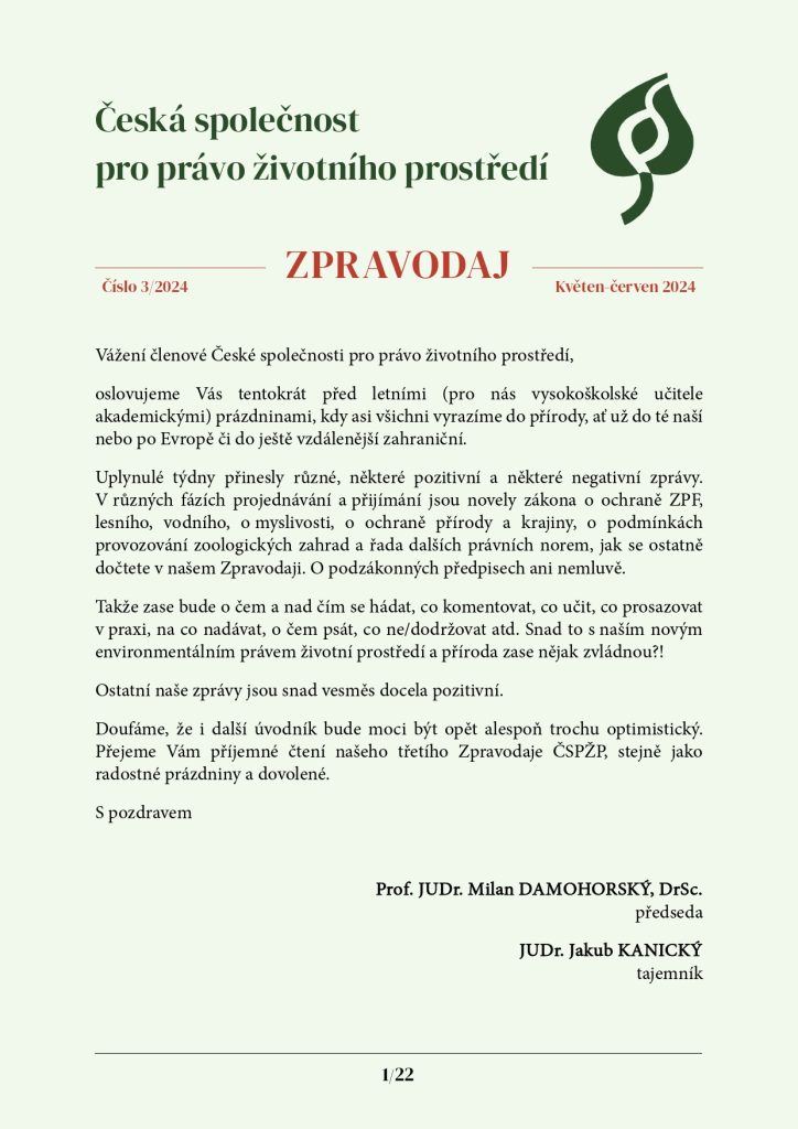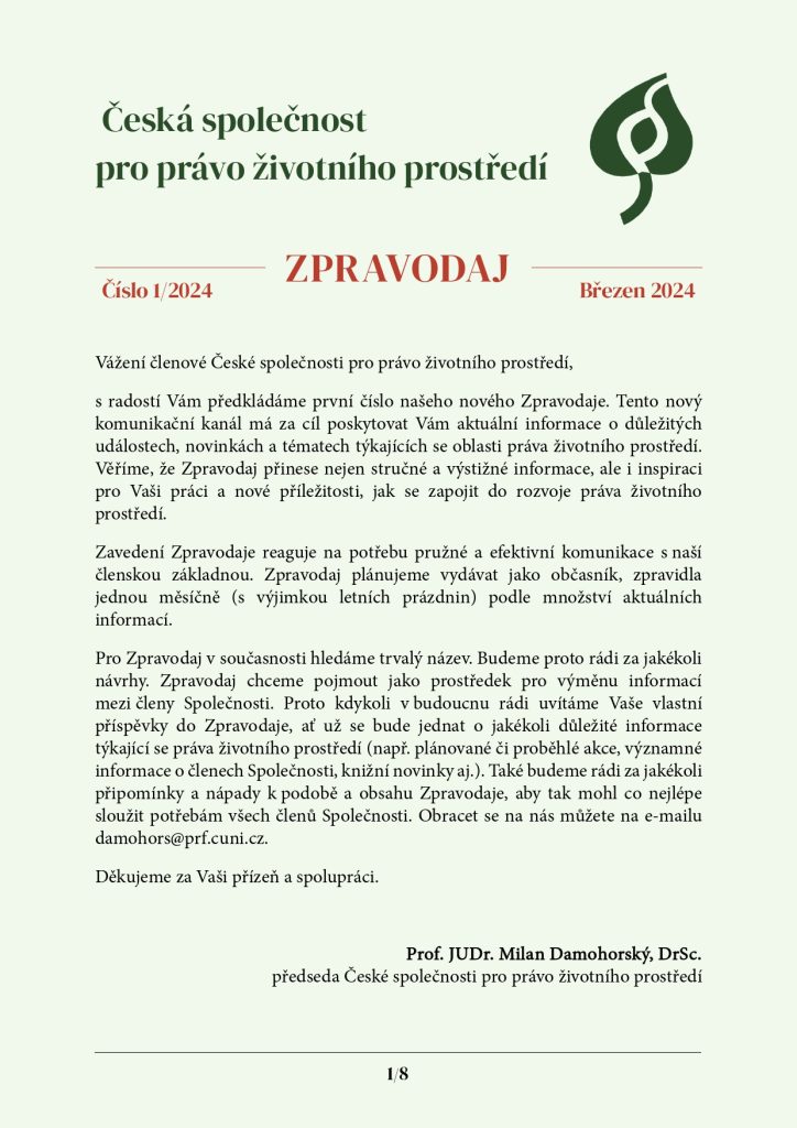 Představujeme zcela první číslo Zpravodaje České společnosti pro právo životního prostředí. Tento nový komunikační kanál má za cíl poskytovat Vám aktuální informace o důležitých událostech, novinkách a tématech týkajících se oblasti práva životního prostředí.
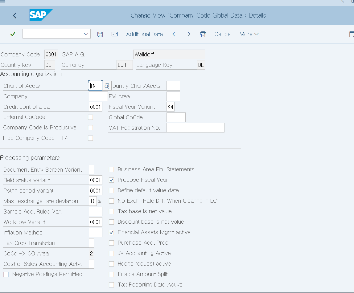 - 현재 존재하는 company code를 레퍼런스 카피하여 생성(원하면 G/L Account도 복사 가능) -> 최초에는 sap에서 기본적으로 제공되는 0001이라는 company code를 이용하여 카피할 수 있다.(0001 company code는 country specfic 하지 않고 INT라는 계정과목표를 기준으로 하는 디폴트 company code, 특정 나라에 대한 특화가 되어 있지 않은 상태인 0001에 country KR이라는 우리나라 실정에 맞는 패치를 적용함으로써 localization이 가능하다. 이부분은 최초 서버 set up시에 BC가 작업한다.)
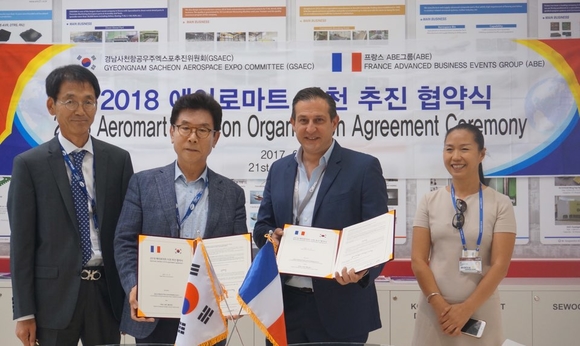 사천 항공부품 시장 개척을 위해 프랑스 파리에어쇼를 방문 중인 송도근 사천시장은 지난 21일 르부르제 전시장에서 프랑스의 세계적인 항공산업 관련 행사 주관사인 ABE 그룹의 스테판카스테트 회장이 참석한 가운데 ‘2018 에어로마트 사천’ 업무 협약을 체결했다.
● ● ● ● ● ● ●
_GOAL OF THE EXERCISE_: Your output should be the lines from the one with "- 현재 존재하는 company" through the end of the listing, copied exactly and with the pictures left out.

_WRITTEN SOLUTION_:
 - 현재 존재하는 company code를 레퍼런스 카피하여 생성(원하면 G/L Account도 복사 가능) -> 최초에는 sap에서 기본적으로 제공되는 0001이라는 company code를 이용하여 카피할 수 있다.(0001 company code는 country specfic 하지 않고 INT라는 계정과목표를 기준으로 하는 디폴트 company code, 특정 나라에 대한 특화가 되어 있지 않은 상태인 0001에 country KR이라는 우리나라 실정에 맞는 패치를 적용함으로써 localization이 가능하다. 이부분은 최초 서버 set up시에 BC가 작업한다.)
 사천 항공부품 시장 개척을 위해 프랑스 파리에어쇼를 방문 중인 송도근 사천시장은 지난 21일 르부르제 전시장에서 프랑스의 세계적인 항공산업 관련 행사 주관사인 ABE 그룹의 스테판카스테트 회장이 참석한 가운데 ‘2018 에어로마트 사천’ 업무 협약을 체결했다.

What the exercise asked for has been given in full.